Hendrik Scholte is the other leader of the large scale immigration of the Dutch into the United States during the middle of the nineteenth century. The more famous, and generally considered the primary leader, is Van Raalte, who took the first group of Dutch immigrants to the U. S. in 1846. Scholte followed a year later, and whereas Van Raalte traveled with the group on a slow sailing ship, Scholte, with his family traveled in style on a steamship while his fellow immigrants were forced to travel on four much slower and less comfortable sailing ships. Van Raalte initially decided to take his group to Wisconsin, but the group later decided to change their destination to Western Michigan, a decision made during the time they had to spend the winter in Detroit, Michigan. Scholte’s group decided to go to northwestern Iowa, and settled in a town now called Pella, Iowa.
Hendrik Scholte was born in Amsterdam in 1805. His father’s family was involved in the refining of sugar from sugar beets, and his father was a manufacturer of boxes for the shipment of the sugar. So clearly Scholte’s family was well off during his childhood. When he was only 16 years old, in 1821, his father passed away. Then only a year later his grandfather also passed away. Then only five years later, in 1827, Hendrik’s mother passed away and in the same year his only brother also died. So at age 23, he was the only one left in his family, and inherited all of the family’s wealth.
Although he had worked in his father’s factory, the business did not interest him. So he sold the family business, and as a result became a wealthy man. He decided to utilize his wealth to finance his studies and enrolled at the University of Leiden to study philosophy, theology and political science. He studied at the university for several years and earned his theology degree in 1832, whereupon he became an ordained minister in the Dutch Reformed Church.
In 1832, the year he graduated from the University of Leiden with his theology degree, he married Sara Maria Brandt, the daughter of a wealthy Amsterdam sugar refiner. The couple had five daughters, but only three, Sara, Maria and Johanna, survived infancy. Scholte’s wife, Sara Maria, died on January 23, 1844 shortly following the birth of their youngest daughter, when she was only 38 years old.
During his first marriage, Scholte served churches in the provinces of Noord Brabant and Utrecht. It was during the period from 1832 to 1846 that Scholte became interested in emigrating to the U. S. with his followers. Apparently, considerable planning had been done by the group, because they firmly established Iowa as their destination, while they were still in their native land. And they even decided on the name, Pella, for the place where they would settle. Clearly, the financial resources available to Scholte must have been an important determinant in all of the advance planning.

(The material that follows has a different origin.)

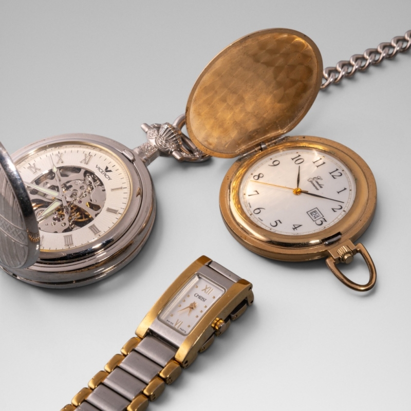 Une montre gousset squelette "Viceroy" en métal argenté, cadran à fond blanc, index chiffres romains et bâtonnets, mouvement visible à travers un fond transparent. Clapets avant et arrière godronnés et blasonnables. Montre fournie avec chaîne d'attache en métal. Mouvement quartz.

On June 23, 1845, Scholte married his second wife, Maria Krantz. Early in the following year their first son was born, and shortly thereafter the family booked passage on the steamer “Calidonia”, voyaging from Rotterdam to Boston. The ship departed in early April 1847, and after only 13 days arrived in Boston, an amazingly rapid voyage, especially considering that most sailing ships took as long as 60 days to make the trans-Atlantic journey.
Scholte’s followers were not as fortunate and left on four chartered masted sailing vessels, also in early April 1847. The four ships were the ‘Nagasaki’, ‘Pieter Floris’, ‘Catherina Jackson’, and ‘Maasstroom’. The group consisted of about 850 people, both families and individuals. The four ships encountered a violent Atlantic storm and arrived in Baltimore in late May and early June.
The entire group then traveled by road, railway and Ohio River steamer to St. Louis where they settled temporarily. The leaders led by Scholte then traveled to northwest Iowa, where they purchased 18,000 acres of farm land for $1.25 per acre, and then contracted to have log cabins built on the land for the settlers. The entire group arrived in what is now Pella, Iowa on August 26, 1847, and found that, not surprisingly, the log cabins had not been built. So they built temporary shelters by digging depressions in the soil and building temporary walls and roofs from whatever material they could find. In any event the log cabins were eventually built, and the group prospered, after the initial difficult years.
Upon their arrival in Pella, Scholte and his family were able to acquire an existing log cabin, and lived there until their rather large family quarters were constructed. Their house is now a Historic House Museum in Pella, Iowa. It is owned and cared for by the Pella Historical Society and Museums.
Hendrik Scholte and his second wife Maria had eight children, but only three of the eight children survived infancy. The children were, Henry, David and Dora. Scholte provided leadership to the colony in its early years. He not only was its minister, but also served as the overall leader of the colony. He laid out the town of Pella, helped built a church, assisted the settlers with legal affairs, and started two businesses, a brick kiln and a saw mill. He became the postmaster, the notary public and the land agent. With all these positions he could not avoid getting into politics and he did. He even attended the inauguration of President Lincoln in Chicago.
Scholte passed away in 1868. He died of a heart attack at the rather young age of 63. His widow Maria remarried to a much younger man, Robert Beard, several years after Scholte died. Maria passed away in 1892 at the age of 71. Her husband outlived her by 28 years and passed away in 1920.